Description: Selecting the top 10% of the collider B conditions on a common effect, opening a spurious path between A and C and inducing a strong negative correlation that did not exist marginally — collider bias.

3. Proxy strength: In section C, increase proxy noise (e.g., Z = U + 1.5*eps_z).

How do beta_X and beta_Z change? What does this say about weak proxies?

In [28]:
import numpy as np, pandas as pd, statsmodels.api as sm
N = 200_000
rng = np.random.default_rng(12)

U = rng.normal(0,1,N)                       # true confounder
X = U + rng.normal(0,1.0,N)                 # noisy self-report
NL = U + rng.normal(0,0.1,N)                # strong biomarker
Z = U + 1.5 * rng.normal(0,1,N)             # weak proxy (high noise)

logit = -0.7 + 1.4 * U
Y = (rng.random(N) < 1/(1+np.exp(-logit))).astype(int)
df = pd.DataFrame({'X':X, 'Z':Z, 'NL':NL, 'Y':Y})

m_naive = sm.Logit(df['Y'], sm.add_constant(df[['X']])).fit(disp=False)
m_weak  = sm.Logit(df['Y'], sm.add_constant(df[['X','Z']])).fit(disp=False)
m_strong= sm.Logit(df['Y'], sm.add_constant(df[['X','NL']])).fit(disp=False)
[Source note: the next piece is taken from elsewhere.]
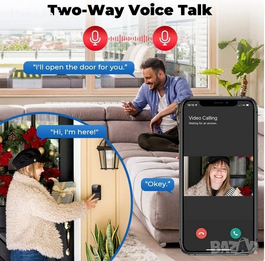 вграден микрофон можете да виждате и да говорите с посетителите си по

print(f"Naive (X):      β_X = {m_naive.params['X']:.3f}")
print(f"Weak (X+Z):     β_X = {m_weak.params['X']:.3f} , β_Z = {m_weak.params['Z']:.3f}")
print(f"Strong (X+NL):  β_X = {m_strong.params['X']:.3f} , β_NL = {m_strong.params['NL']:.3f}")
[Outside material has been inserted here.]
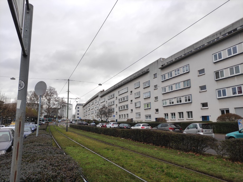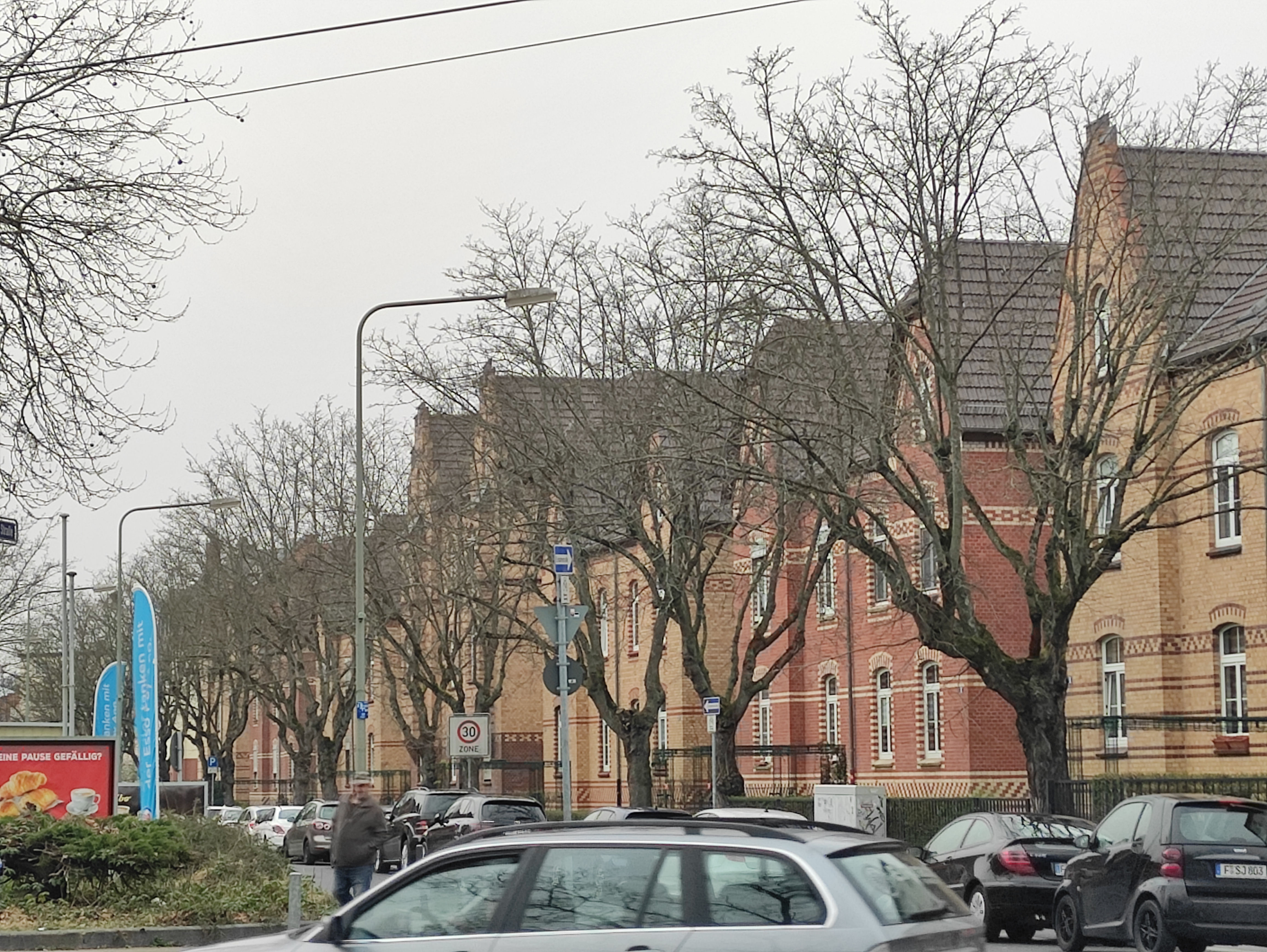Hinter Autohäusern versteckt eine eindringliche Mahnung. Erneut ändert die Straße ihren Charakter. Ab hier verläuft sie zweispurig, von Wohnhäusern gesäumt. Vor einer Mansardenwohnung trocknet Wäsche auf dem Dach, es ist windstill. Der Schriftzug der Adlerwerke überragt die Gegend. Der ehemals größte deutsche Fahrradproduzent, später auch von Nähmaschinen und Autos, diente Nazideutschland als wichtiger Hersteller für Rüstungsgüter, mit massivem Einsatz von Zwangsarbeitern. Erfahrung mit der Produktion für Rüstungszwecke hatte die Fabrik bereits im ersten Weltkrieg gesammelt. Ab dem August 1944 wurde in den Adlerwerken eine Außenstelle des KZ Natzweiler eingerichtet, unter dem Namen Katzbach. Die über 1600 Insassinnen und Insassen wurden als Zwangsarbeiter missbraucht, oft bis zum Tode. Kaum jemand überlebte. Es ist sehr lohnend sich näher mit der Geschichte dieser Fabrik zu beschäftigten. Am 25 März 2022 wird der Geschichtsort Adlerwerke eröffnet.

Naive (X):      β_X = 0.579
Weak (X+Z):     β_X = 0.486 , β_Z = 0.219
Strong (X+NL):  β_X = 0.005 , β_NL = 1.357


Description: A weak proxy (Z with high noise) captures almost none of the confounding, leaving β_X nearly unchanged and β_Z tiny, demonstrating that weak proxies fail to de-bias the estimate.
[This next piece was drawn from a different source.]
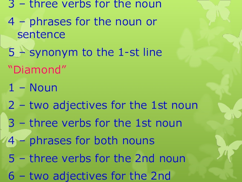 “Cinquain”1 – Noun2 – two adjectives for the noun3 – three verbs for the noun4 – phrases

4. Back-door bins: In section D, increase the number of U bins from 10 to 30.

Does the adjusted estimate stabilize? Why / why not?

In [30]:
import numpy as np, pandas as pd
N = 200_000
rng = np.random.default_rng(15)

U = rng.binomial(1, 0.5, N)                     # binary confounder
X = (U + rng.random(N) < 0.8).astype(int)       # treatment
Y = (U + 0.7*X + rng.random(N) < 0.9).astype(int)

df = pd.DataFrame({'U':U, 'X':X, 'Y':Y})

def stratified_ate(bins):
    df['_bin'] = pd.qcut(df['U'], q=bins, duplicates='drop')
    ate = []
    for _, g in df.groupby('_bin', observed=True):
        if len(g)<10: continue
        p1 = g.loc[g['X']==1, 'Y'].mean()
        p0 = g.loc[g['X']==0, 'Y'].mean()
        ate.append(p1-p0)
    return np.mean(ate)

print(f"10 bins  → ATE = {stratified_ate(10):.4f}")
print(f"30 bins  → ATE = {stratified_ate(30):.4f}")

10 bins  → ATE = 0.0513
30 bins  → ATE = 0.0513


Description: Increasing bins from 10 to 30 stabilizes the back-door ATE because finer stratification better approximates conditioning on the true confounder U, reducing residual confounding.